RMSE_train = mean_squared_error(y1_train, y1_pred, squared=False)
RMSE_test = mean_squared_error(y1_test, y1_pred_test, squared=False)
print('RMSE for test set is: ', RMSE_test)
print("RMSE for training set is: ", RMSE_train)

In [None]:
#actual price vs predicted price
fig, ax = plt.subplots(figsize=(10, 8))
sns.regplot(x=y1_pred_test, y=y1_test, data=df)
ax.set_xlabel("Predicted Price")
ax.set_ylabel("Actual Price")
ax.set_xlim(xmin=0)
ax.set_ylim(ymin=0)
ax.ticklabel_format(useOffset=False, style='plain')
plt.savefig('../images/pred_model_AM.png')
plt.show();

### Insight: removing outliers improved the RMSE overall.

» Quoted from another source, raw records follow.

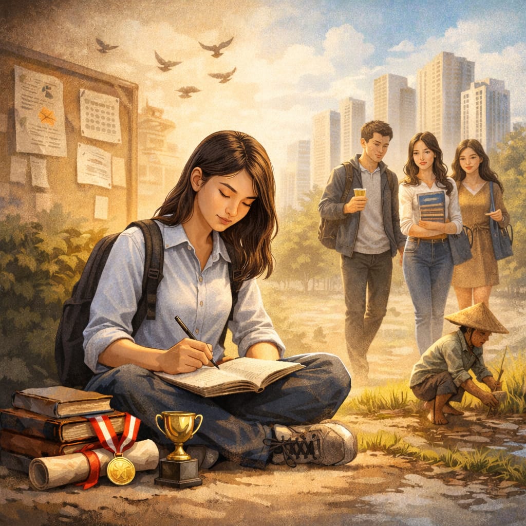 Dalam menjalani perkuliahan,aku selalu berusaha bersungguh-sungguh.Kesungguhan itu tidak hanya kutaruh pada bangku kelas dan materi akademik, tetapi juga kehidupan sosial.Aku aktif berorganisasi, mengikuti berbagai perlombaan, dan terus berusaha mengembangkan diri.Semua itu bukan semata demi prestasi, melainkan sebagai bentuk ikhtiar agar ilmu yang kupelajari tidak berhenti di ruang teori,
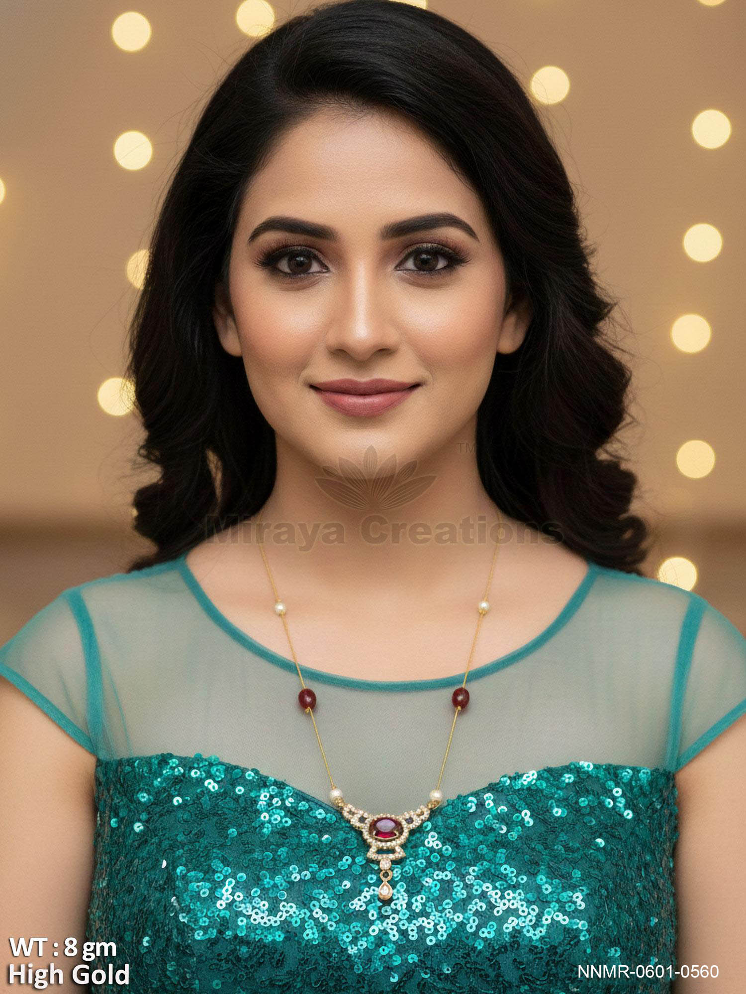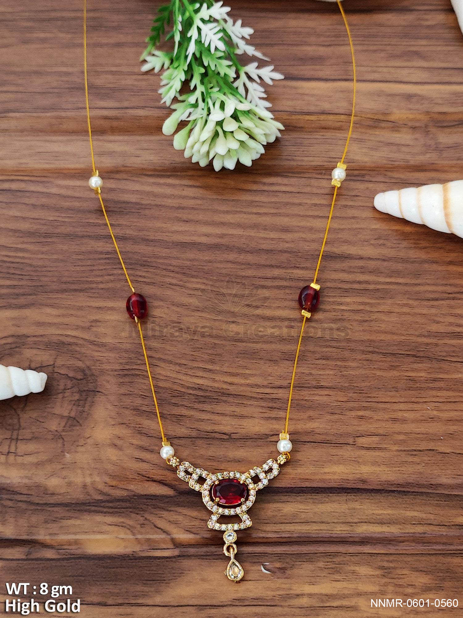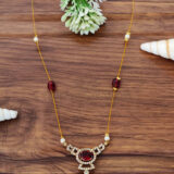 This elegant high gold finish necklace features a slender chain accented with delicate pearls and rich ruby-tone beads. The centrepiece showcases a deep red oval stone framed with sparkling white accents and a graceful drop detail, adding a touch of traditional charm with modern finesse. Lightweight yet striking, this piece is perfect for both festive and refined occasions.
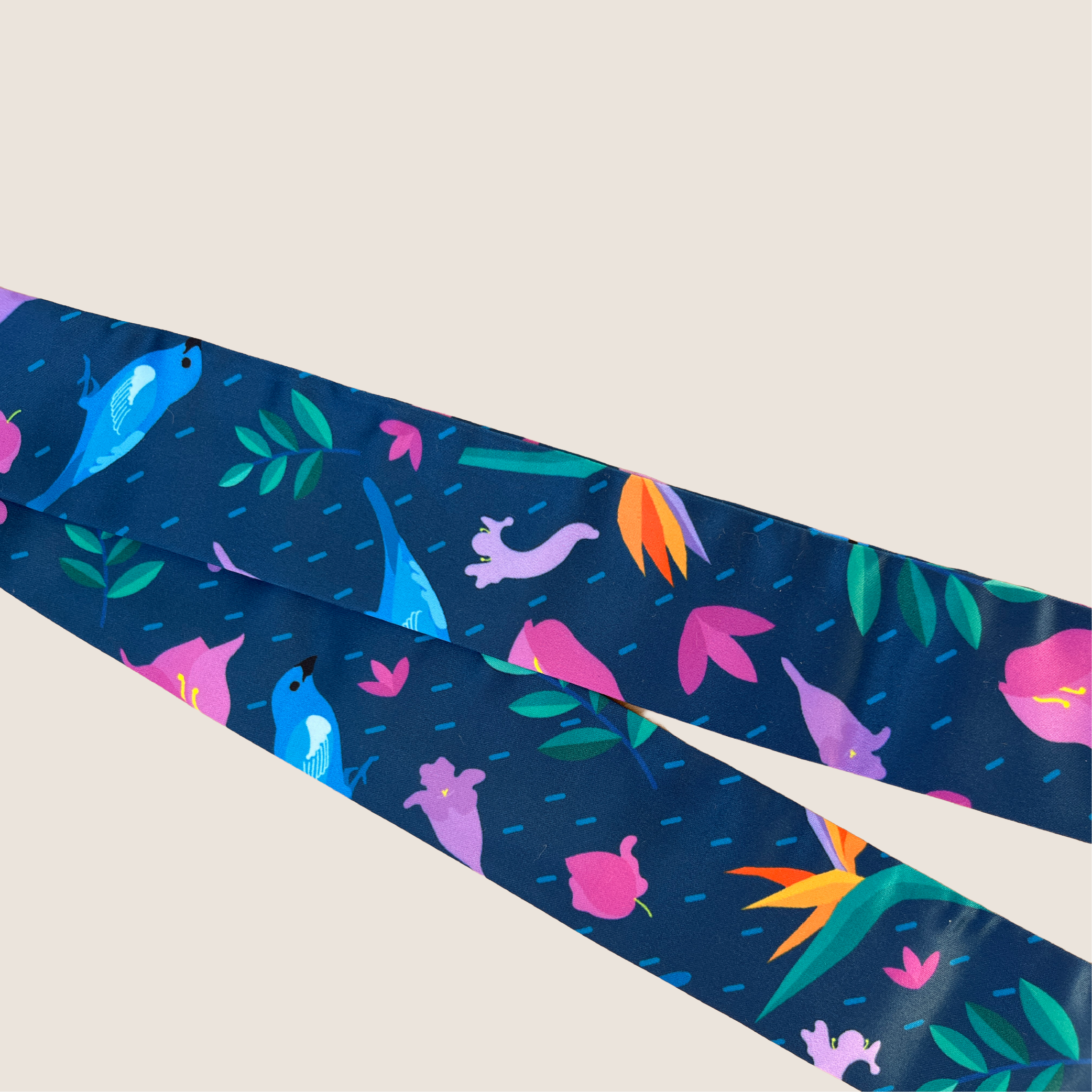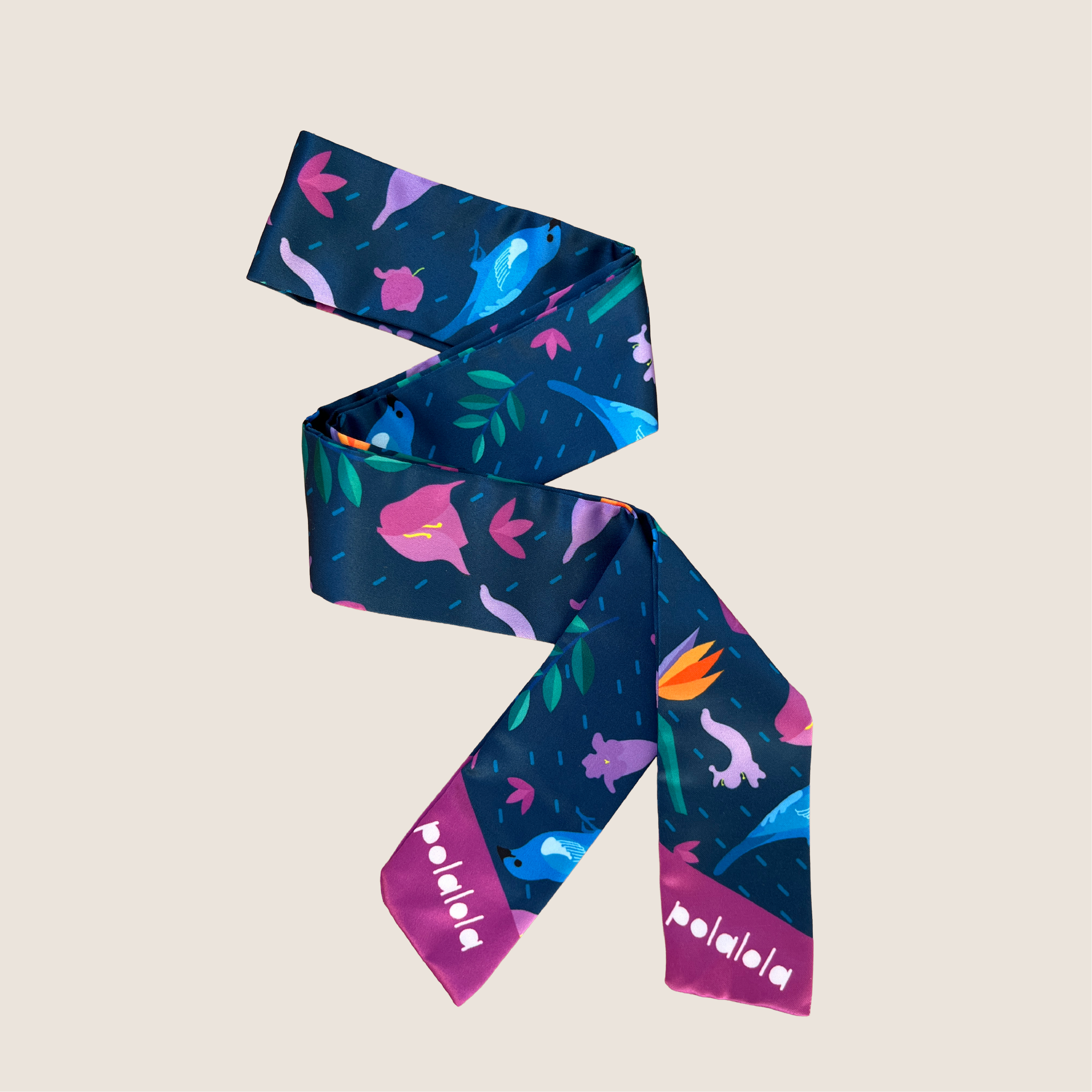 Accesorio hecho de seda italiana ideal para utilizar en la coleta, cuello, bolso o alrededor del sombrero
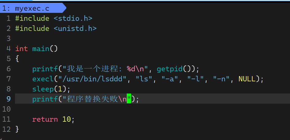 - 因为程序替换我们不需要判断是否替换失败,直接在exec系列函数后面打印程序替换失败即可,因为程序替换成功之后后续代码根本不会执行,只要往后执行了后续代码,则程序替换失败
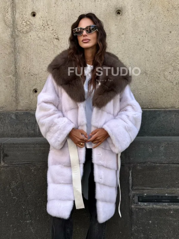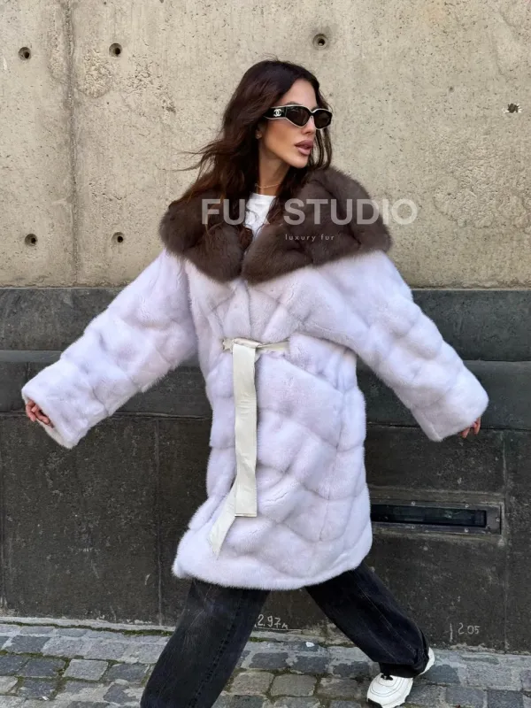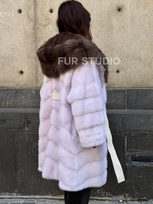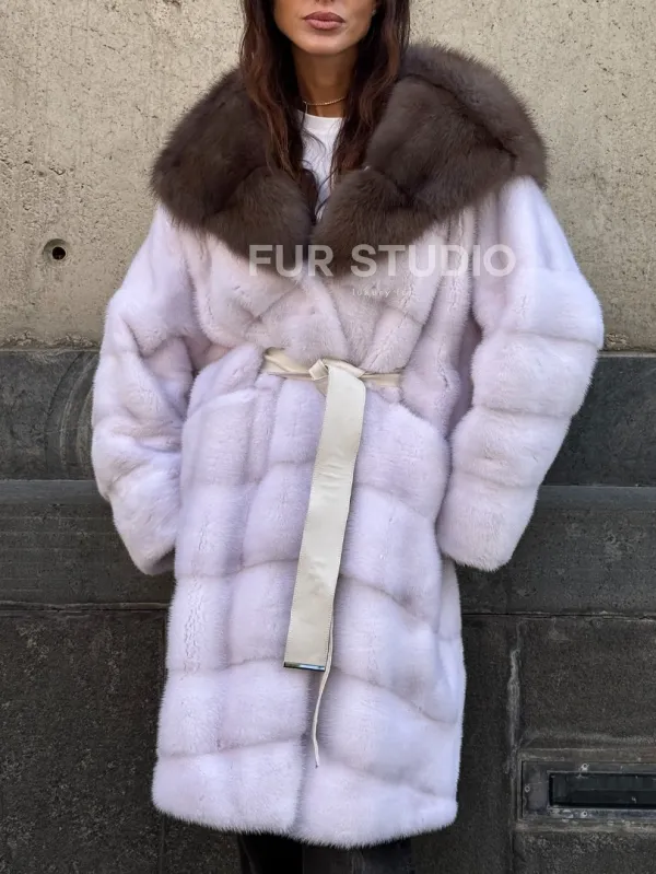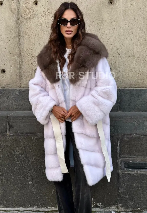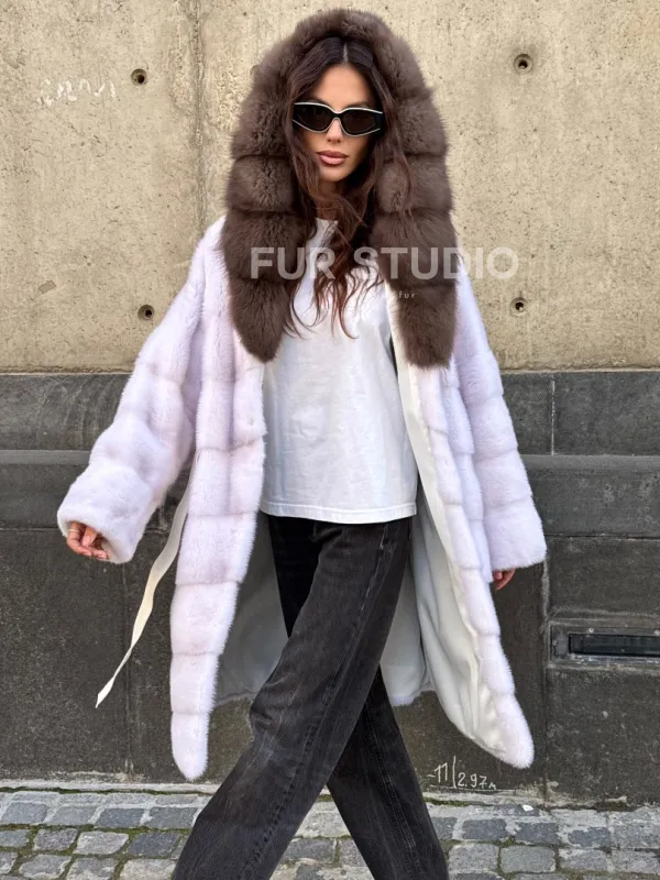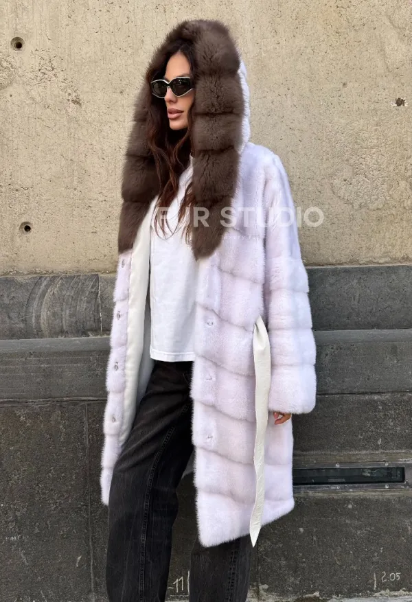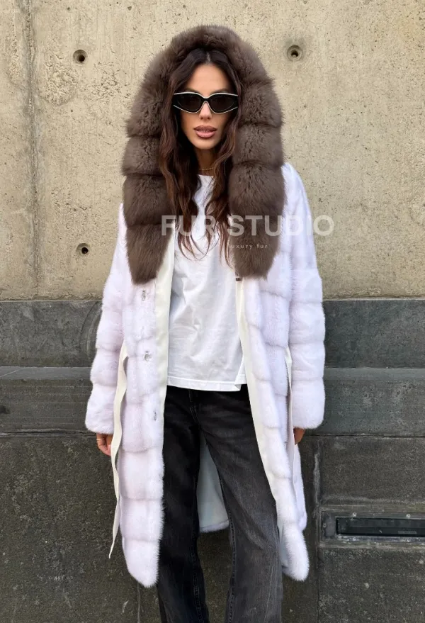 Модель выглядит дорого и нарядно. Беспроигрышный вариант для настоящих модниц, которые любят приковывать взгляды. Длина прекрасно подходит под любой гардероб. Купить белую норковую шубу с капюшоном из меха куницы может только женщина, которая умеет любить себя.

Will scaling the features improve the model?

In [None]:
#standard scaler
scaler = StandardScaler()

In [None]:
scaler.fit(X1_train)

In [None]:
scaler.transform(X1_train)

In [None]:
#create X_train_scaled to store different models

regression = LinearRegression()
regression.fit(scaler.transform(X1_train), y1_train)
regression.score(scaler.transform(X1_test), y1_test)

In [None]:
X_scale_train = scaler.transform(X1_train)
X_scale_test = scaler.transform(X1_test)


In [None]:
y_scale_pred = regression.predict(X_scale_train)
y_scale_testpred = regression.predict(X_scale_test)
y_scale_pred.shape

In [None]:
print(r2_score(y1_test, y_scale_testpred))

In [None]:
RMSE_train = mean_squared_error(y1_train, y_scale_pred, squared=False)
RMSE_test = mean_squared_error(y1_test, y_scale_testpred, squared=False)
print('RMSE for test set is: ', RMSE_test)
print("RMSE for training set is: ", RMSE_train)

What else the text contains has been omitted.